[INPUT DATA — start]
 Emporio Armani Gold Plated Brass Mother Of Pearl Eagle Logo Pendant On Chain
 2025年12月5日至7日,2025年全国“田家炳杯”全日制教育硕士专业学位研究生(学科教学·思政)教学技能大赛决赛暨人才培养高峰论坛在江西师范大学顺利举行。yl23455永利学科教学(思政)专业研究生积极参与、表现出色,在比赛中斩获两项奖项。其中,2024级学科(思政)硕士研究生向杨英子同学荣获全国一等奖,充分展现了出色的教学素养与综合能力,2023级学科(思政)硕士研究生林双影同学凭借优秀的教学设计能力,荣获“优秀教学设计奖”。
[INPUT DATA — finish]
[INPUT DATA — start]
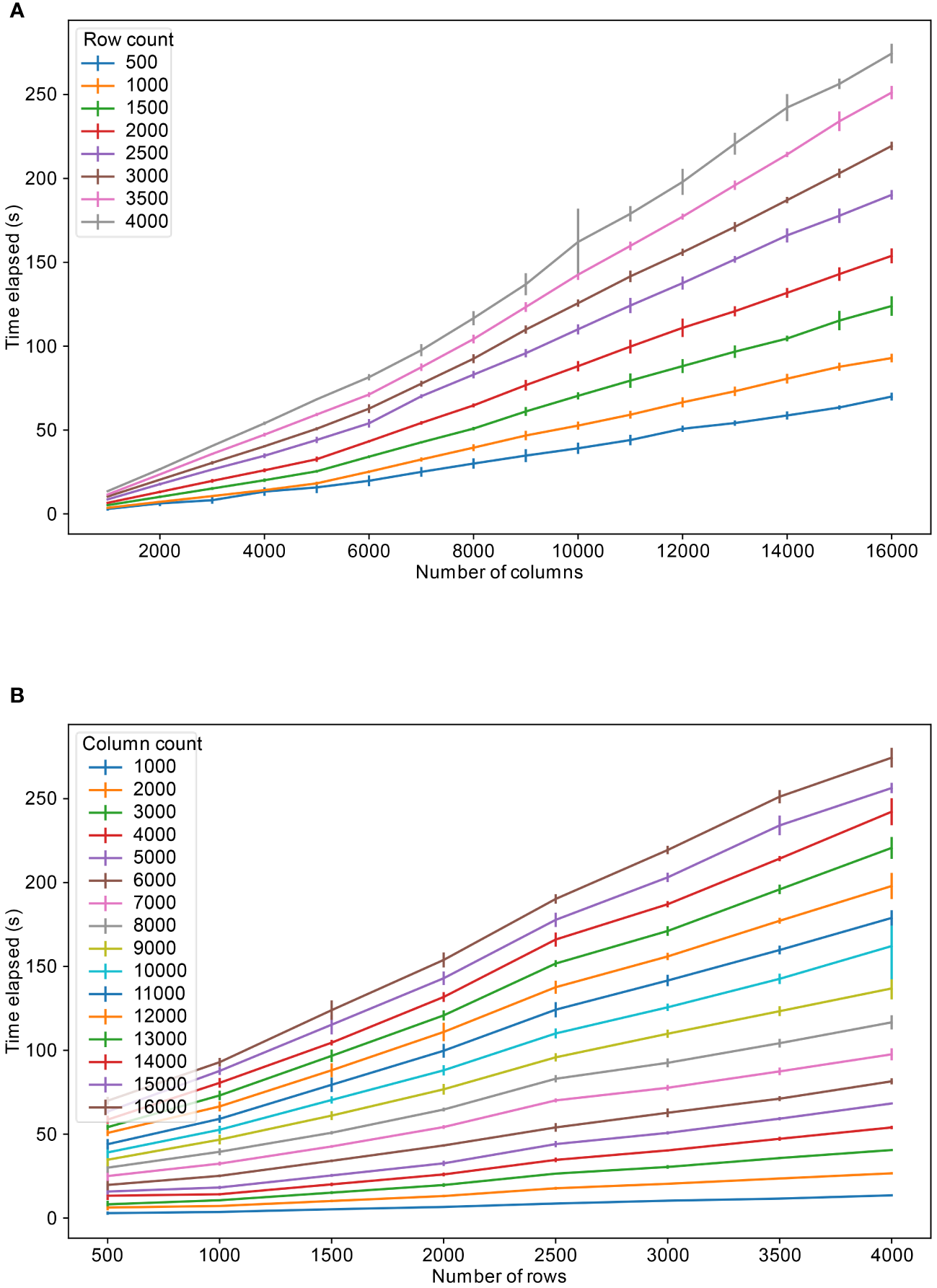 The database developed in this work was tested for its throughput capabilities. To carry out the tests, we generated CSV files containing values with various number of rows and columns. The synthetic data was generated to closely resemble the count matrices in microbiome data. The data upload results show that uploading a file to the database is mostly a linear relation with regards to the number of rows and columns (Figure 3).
[INPUT DATA — finish]
[INPUT DATA — start]
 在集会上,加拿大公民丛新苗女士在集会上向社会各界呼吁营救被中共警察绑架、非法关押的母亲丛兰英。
[INPUT DATA — finish]
## TASK INSTRUCTIONS
In the data above, find the line that contains "Emporio Armani Gold" and the line that contains "2025年12月5日至7日,2025年全". Repeat exactly those lines and every line between them, and only those.

## REPLY TO THE TASK
 Emporio Armani Gold Plated Brass Mother Of Pearl Eagle Logo Pendant On Chain
 2025年12月5日至7日,2025年全国“田家炳杯”全日制教育硕士专业学位研究生(学科教学·思政)教学技能大赛决赛暨人才培养高峰论坛在江西师范大学顺利举行。yl23455永利学科教学(思政)专业研究生积极参与、表现出色,在比赛中斩获两项奖项。其中,2024级学科(思政)硕士研究生向杨英子同学荣获全国一等奖,充分展现了出色的教学素养与综合能力,2023级学科(思政)硕士研究生林双影同学凭借优秀的教学设计能力,荣获“优秀教学设计奖”。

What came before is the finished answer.